[openssl-users] Question on necessity of SSL_CTX_set_client_CA_list
Michael.Wojcik at microfocus.com
Mon Dec 3 18:57:58 UTC 2018
> From: openssl-users [mailto:openssl-users-bounces at openssl.org] On Behalf
> Of Charles Mills
> Sent: Monday, December 03, 2018 10:55
> Got it. Thanks. I would think the basic client case is "one certificate, one CA"
I'm going to disagree somewhat with this assumption, but not necessarily with your decision.
That assumption is probably safe for some use cases, but not all. For example, Windows-based clients that use Microsoft's TLS implementation (SChannel, via CAPI or CNG or any of the various wrapper APIs, including the .NET Framework) have access to all the "personal" certificates in the Windows per-machine and per-user certificate stores. In a Windows domain environment, certificates may be added to those stores by central administration, as well as being created or added locally. So such clients could have quite a few client certificates available to them.
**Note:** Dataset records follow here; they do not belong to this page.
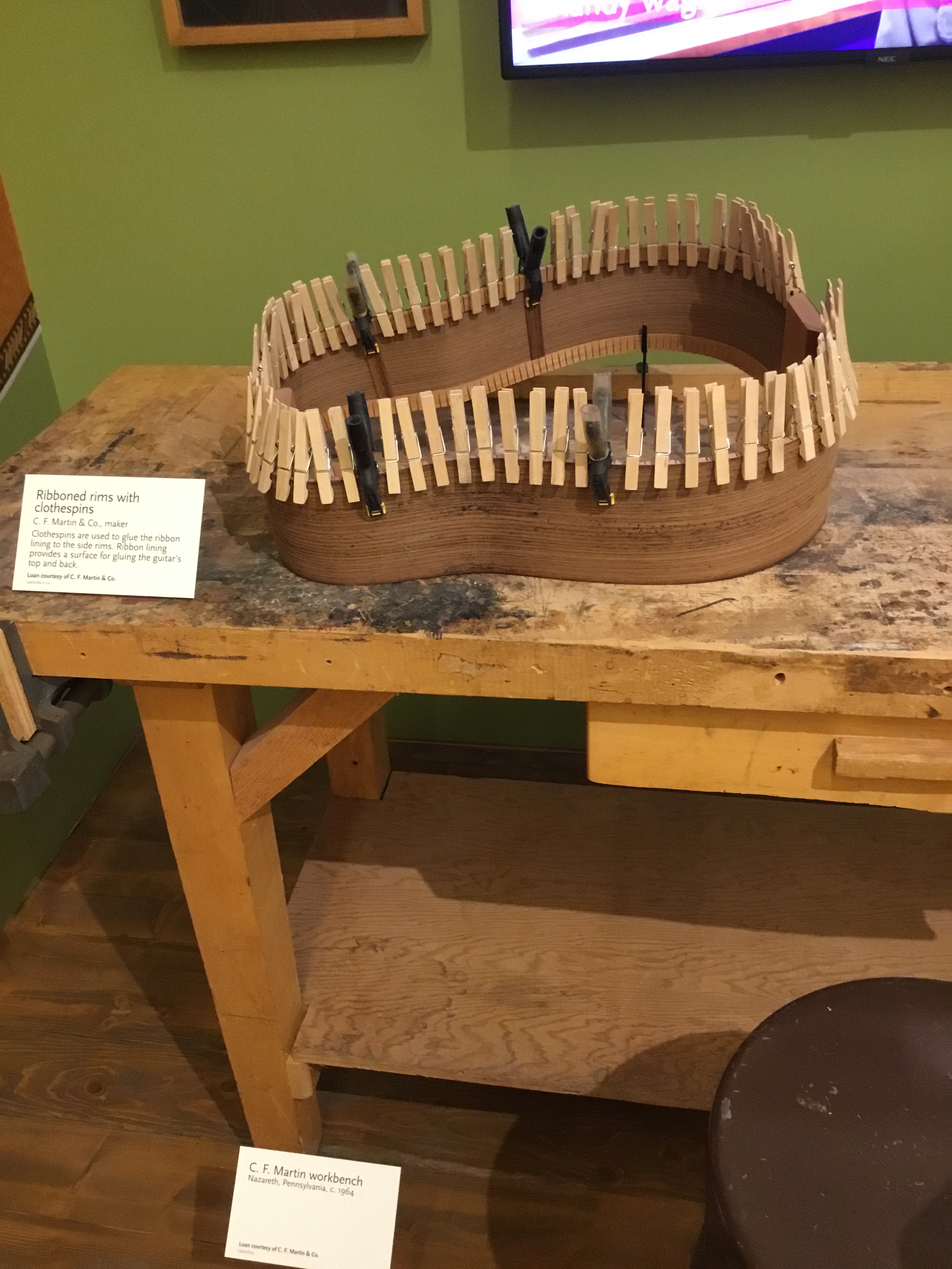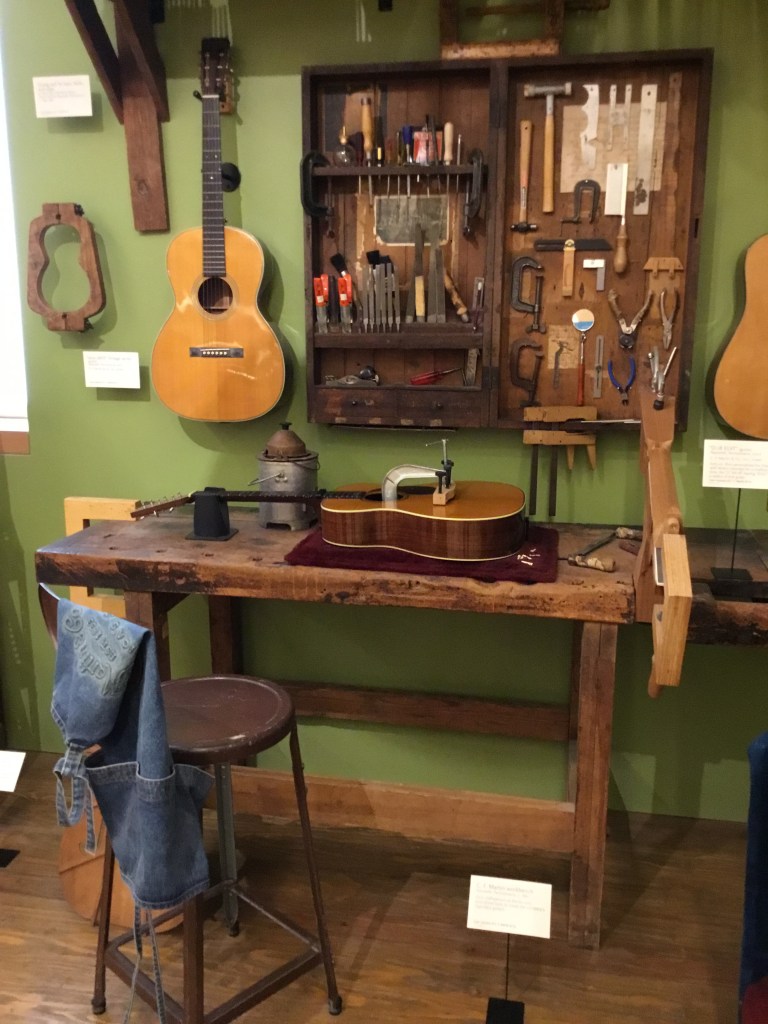 The exhibit I thought really excelled showed a Martin workshop complete with all the tools of the trade. The museum info talked about the development of the Dreadnought guitar, its larger body, wider waist and tapered shoulders, the difference of its frets, how it became the premier guitar in America (Martin helped fund the exhibit.)
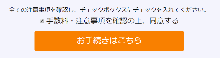 手数料、注意事項を確認したら『手数料・注意事項を確認の上、同意する』にチェックマークを入れてから『お手続きはこちら』をクリックして欲しい。
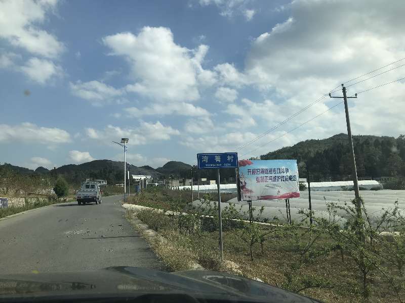 10月9日,我随二中校长林琳、副校长石平驱车去湾箐村。从高速下到县道,从县道行至村道,一路阳光明媚、景色怡人。路不宽,还算平整,全部是水泥路面,只是弯多,会车时总让人有点心惊的感觉。
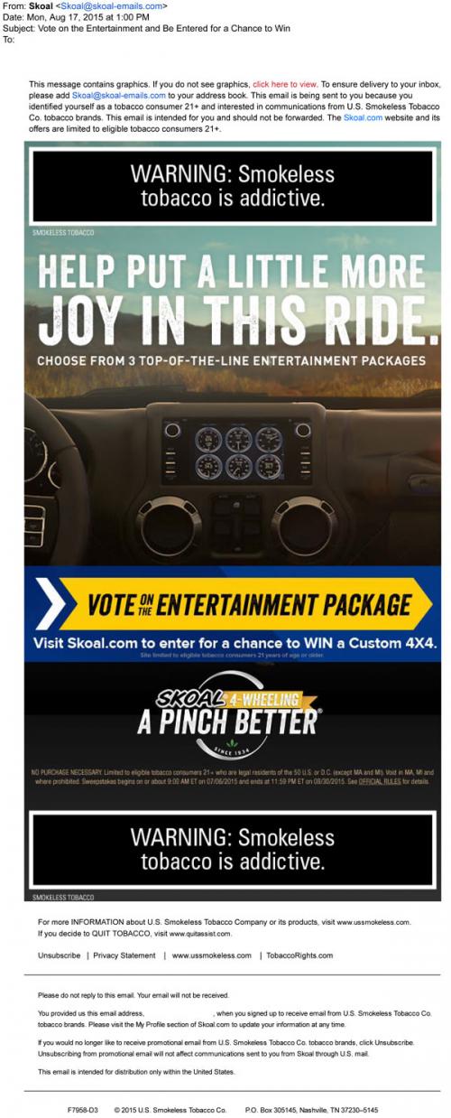 E-mail Smokeless Tobacco Sweepstakes
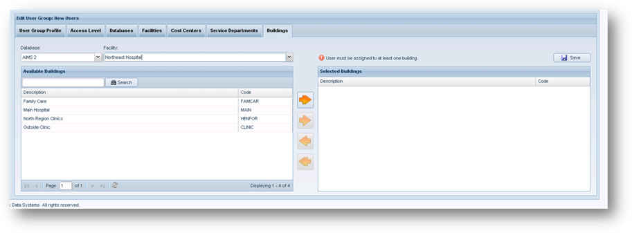 •To remove Buildings from User Group access, highlight the Building in the Selected Buildings table, and click the left-pointing arrow.
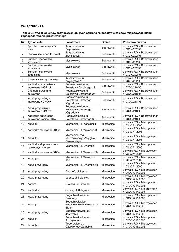 ZAŁĄCZNIK NR 6. Tabela 24. Wykaz obiektów zabytkowych

Some other TLS implementations can optionally use the Windows certificate stores. I believe Netscape's NSS can be configured to do so, for example. A suitable JSSE provider is included with the standard Windows JRE and JDK distributions. And OpenSSL itself has a CAPI engine that can (probably) be used to pull client certificates from the Windows stores.
(I say "probably" because when we went to use the OpenSSL CAPI engine some years ago, we ran into some issues caused by Microsoft's awkward provider mechanism and how it interacts with private-key storage, and I ended up enhancing the OpenSSL CAPI module in various ways. So I don't recall what exactly works with it out of the box.)
There are other environments which similarly provide centralized storage of certificates (and corresponding private keys) to all clients. zOS does, for example, at least if you're using the RACF security provider.
Perhaps more importantly, as Viktor noted, some clients won't send a certificate at all unless they have one signed by a CA on the server's list, or at least only if the server sends a non-empty list.
The list is also useful for clients that want to help the user select from among a set of certificates.
> so I think I will roll with what we have (especially since the product has been
> out there for years with no reported problems in this area -- although I think
> client certificate usage is rare) but keep the issue in mind if a problem comes
Despite what I wrote above, the important thing, of course, is what your users need. If they haven't needed a server that sends a CA list, there's a good chance they won't need one any time soon. Often there are better things to address first. TLS configuration is important, but certainly for the software projects I work on there are any number of important areas for further work. You can't do everything at once.